[Records excerpted from a collection]
▬▬▬
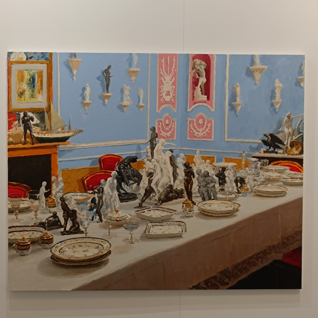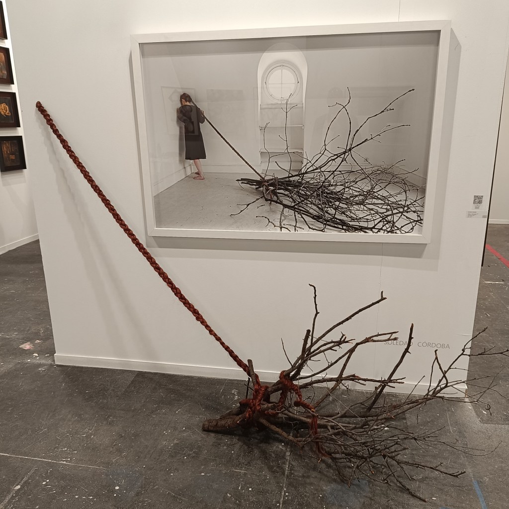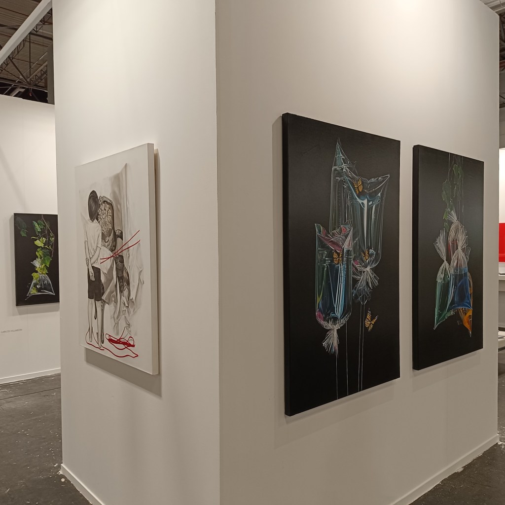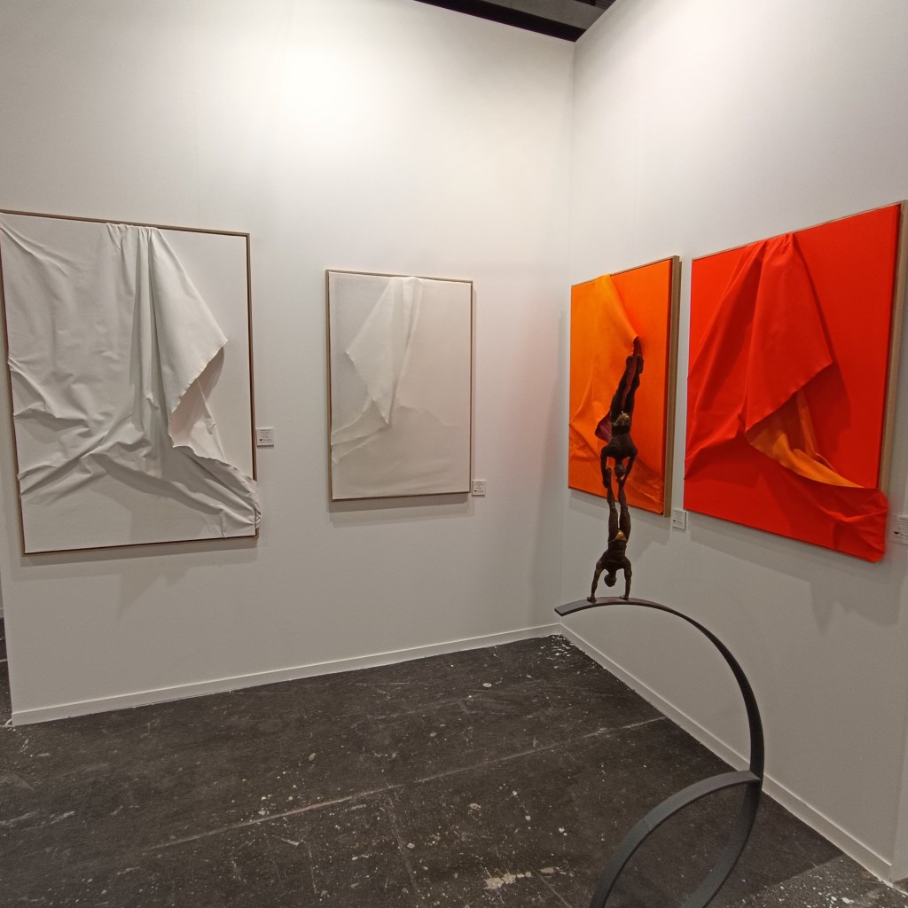 En lo que respecta al arte cubano, su representación ha sido puntual en algunas galerías. Sobresale la alianza estratégica entre María Porto Gallery y David Bardia Art Gallery, que en su pabellón común exhibieron notables obras de Lorena Gutiérrez, pertenecientes a su serie «Soga de la seda», así como una pieza de gran envergadura de Daniel Alejandro Barrios. Lorena en su trabajo artístico se ha distinguido por una polifonía estética y una poética elusiva, manifestadas en múltiples medios como la instalación, el performance y la pintura. Contrariamente, Barrios representa la intransigencia hacia la praxis artística, habiendo trasladado su fervor pictórico desde Cuba a Madrid a una edad temprana, y forjando un camino que desafía las rutas académicas convencionales en Cuba.
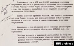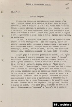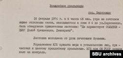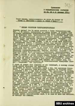 У поштову скриньку запорізького відділення зв’язку кинули листівку з лаконічним текстом: «Хай живе Солженіцин! Геть брежнівців. Демократи».
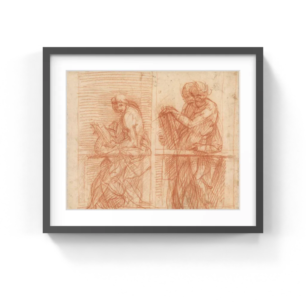 With quick, sure strokes of his red chalk, del Sarto experimented with a variety of complex arrangements for each figure's body, sometimes including drapery and always crossing limbs and turning heads. He overlaid numerous ideas for each figure, quickly trying one thought, then modifying it for the next. Beyond giving the figures balance, he aimed to make them look natural and relaxed. With the railing both standing in front of and bisecting the figures, the artist also had to work out how to maintain unity between the upper and lower halves of each figure. The many artistic solutions evident in this study give a glimpse of his fertile and creative mind.
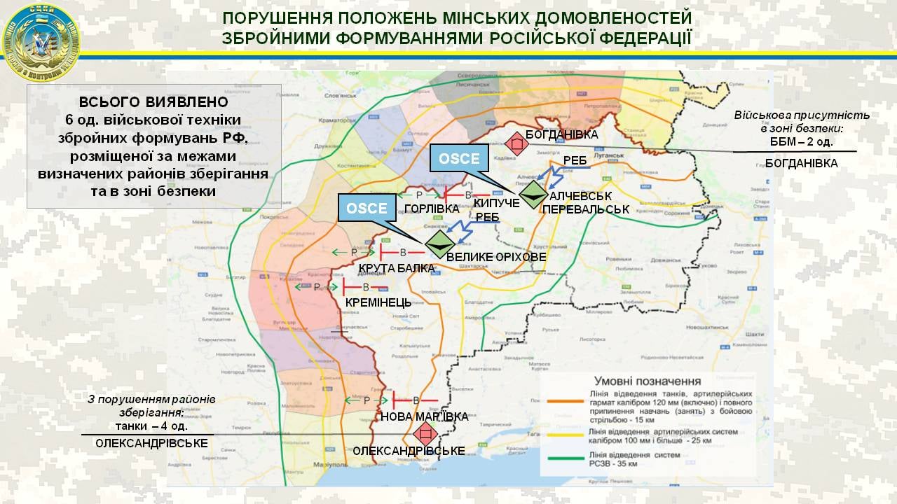 Уточнюється, що у зоні дій про 1 армійського корпусу ЗС РФ, у районі н.п. Олександрівське виявлено 4 танки, розміщені за межами виділених місць зберігання озброєння.
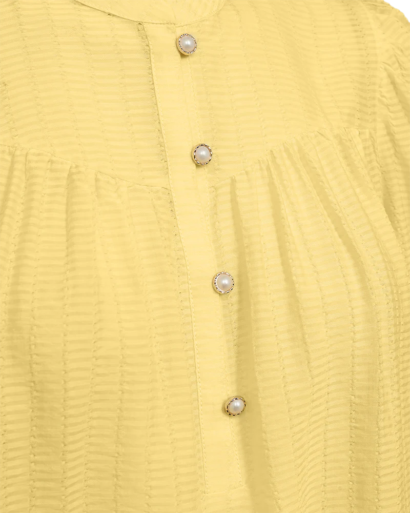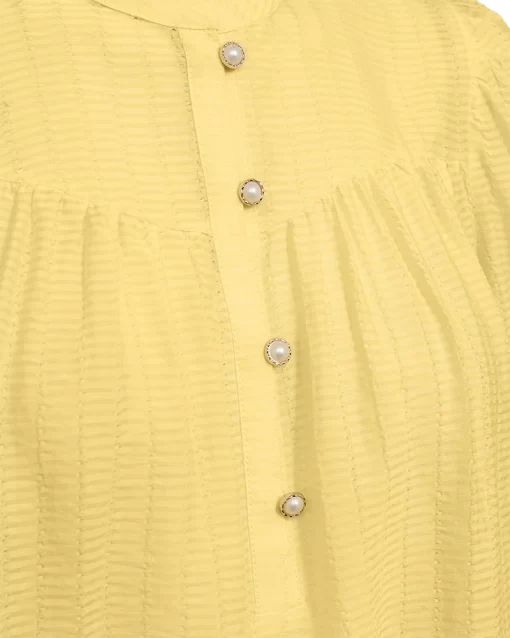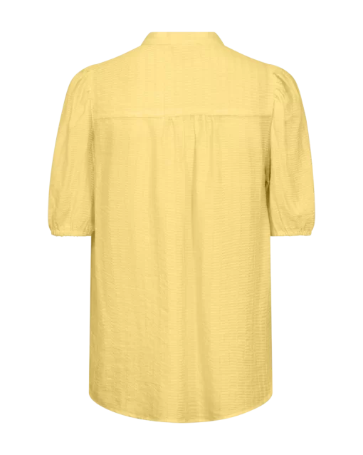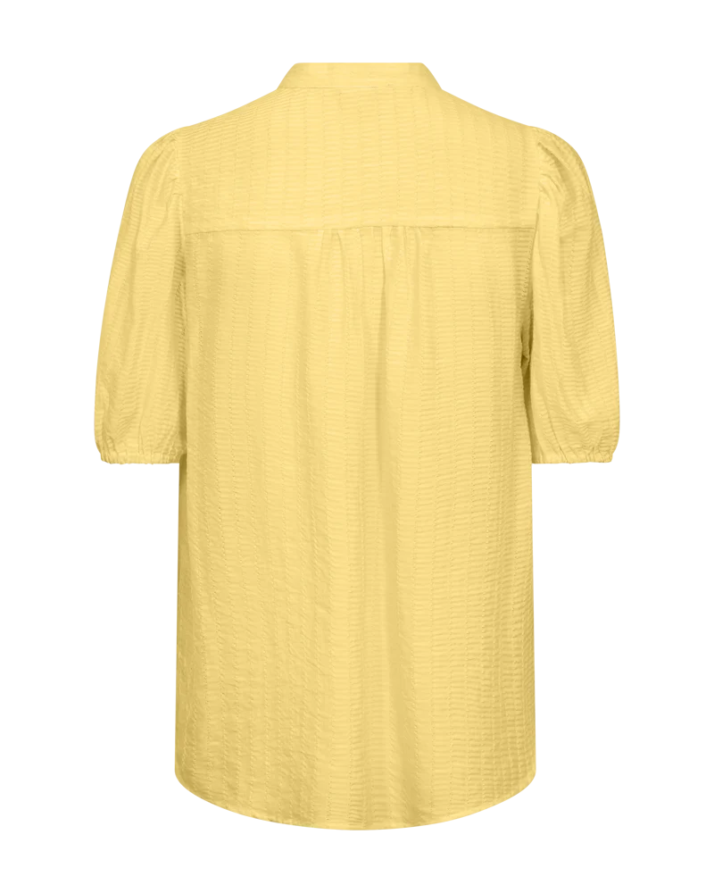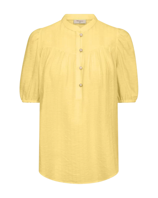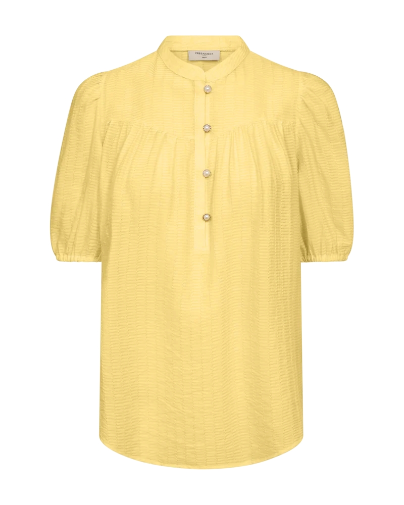 Bluse fra Freequent i en let kvalitet med strukturmønster. Blusen er enkel i modellen med korte ballonærmer med elastik cuff, en elegant, løs pasform samt de smukkeste knapper med perlemorseffekt på fronten. Korte ballonærmer Knaplukning Løs pasform Strukturmønster
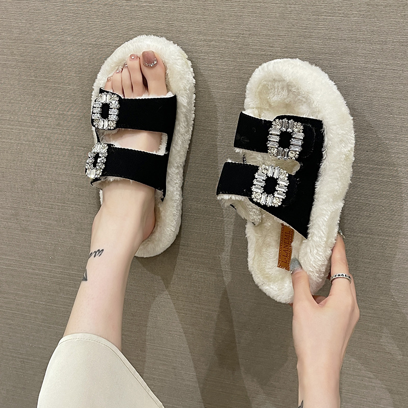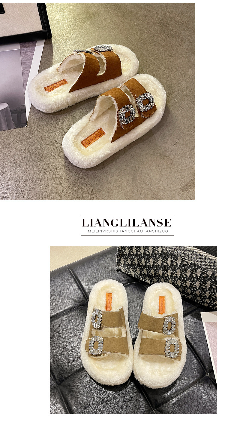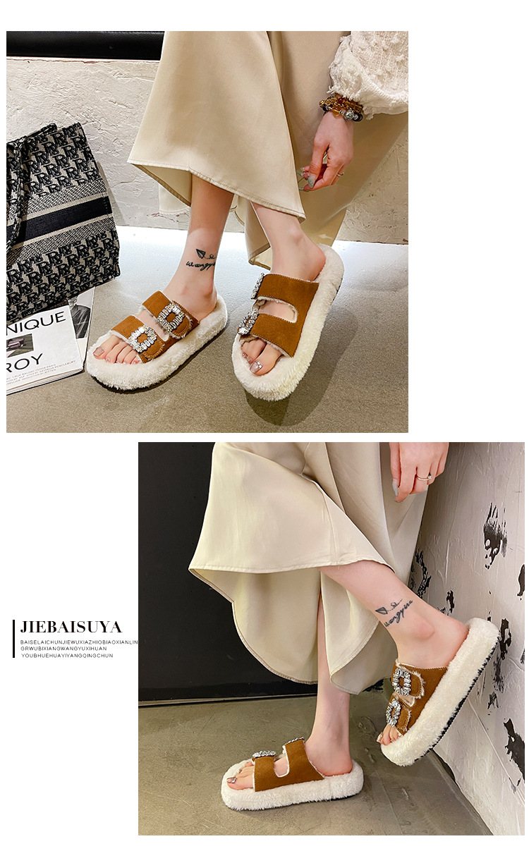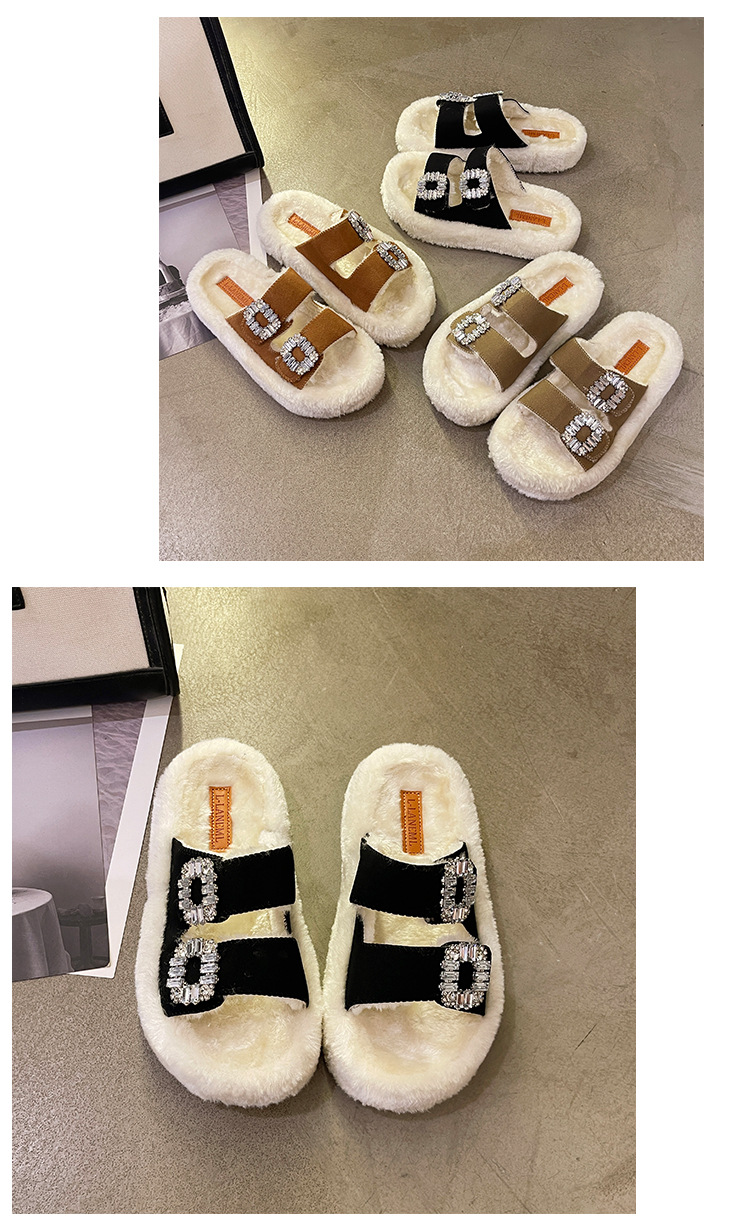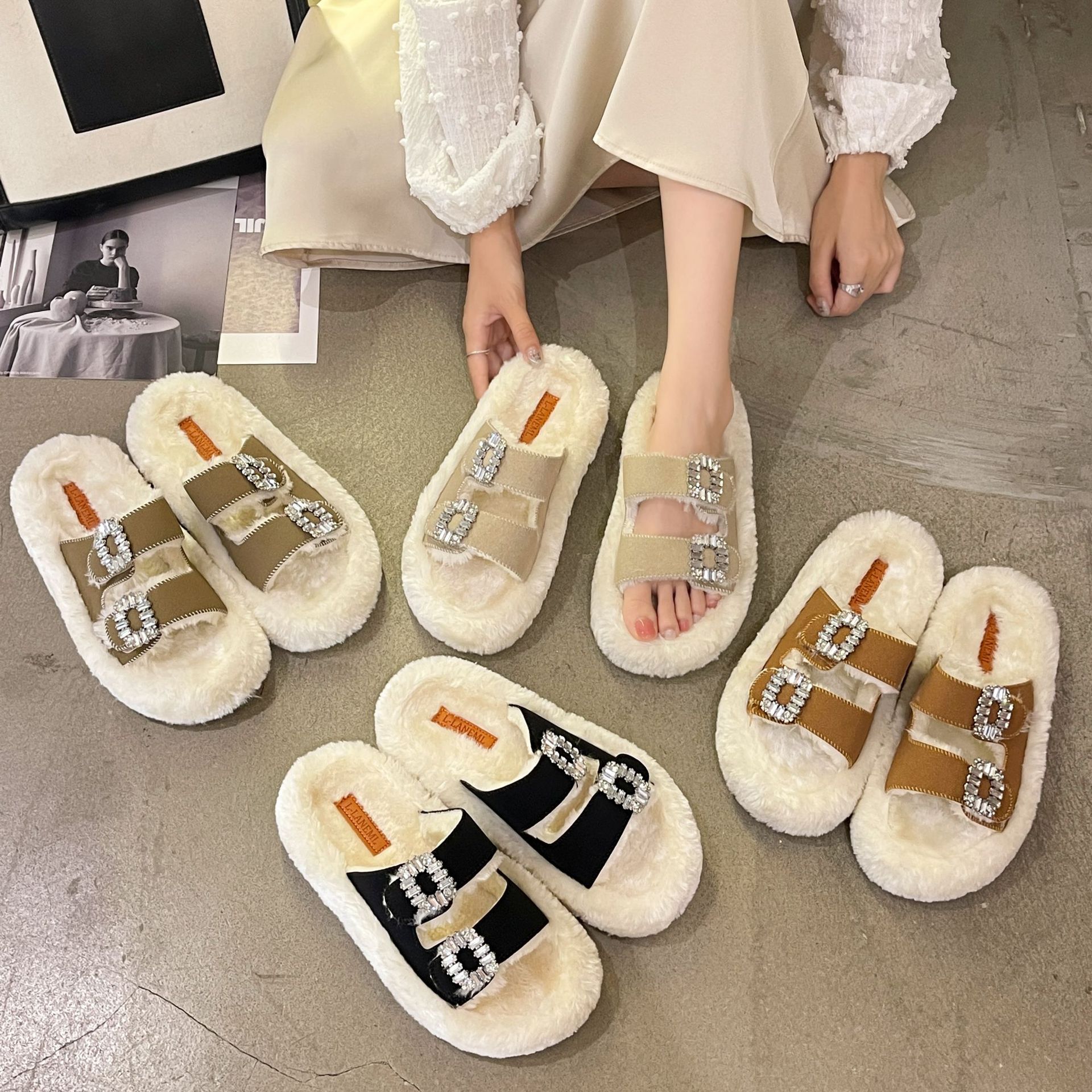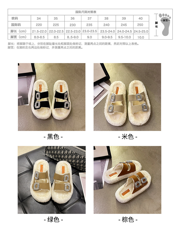 厚底勃肯毛毛拖鞋女双排大码新款带钻一字拖秋冬季外穿加绒棉拖
▬▬▬
## Problem statement:
Once you find the line with "Bluse fra Freequent", restate it and every later line of the data word for word, excluding the pictures.

## Response to the task:
 Bluse fra Freequent i en let kvalitet med strukturmønster. Blusen er enkel i modellen med korte ballonærmer med elastik cuff, en elegant, løs pasform samt de smukkeste knapper med perlemorseffekt på fronten. Korte ballonærmer Knaplukning Løs pasform Strukturmønster
 厚底勃肯毛毛拖鞋女双排大码新款带钻一字拖秋冬季外穿加绒棉拖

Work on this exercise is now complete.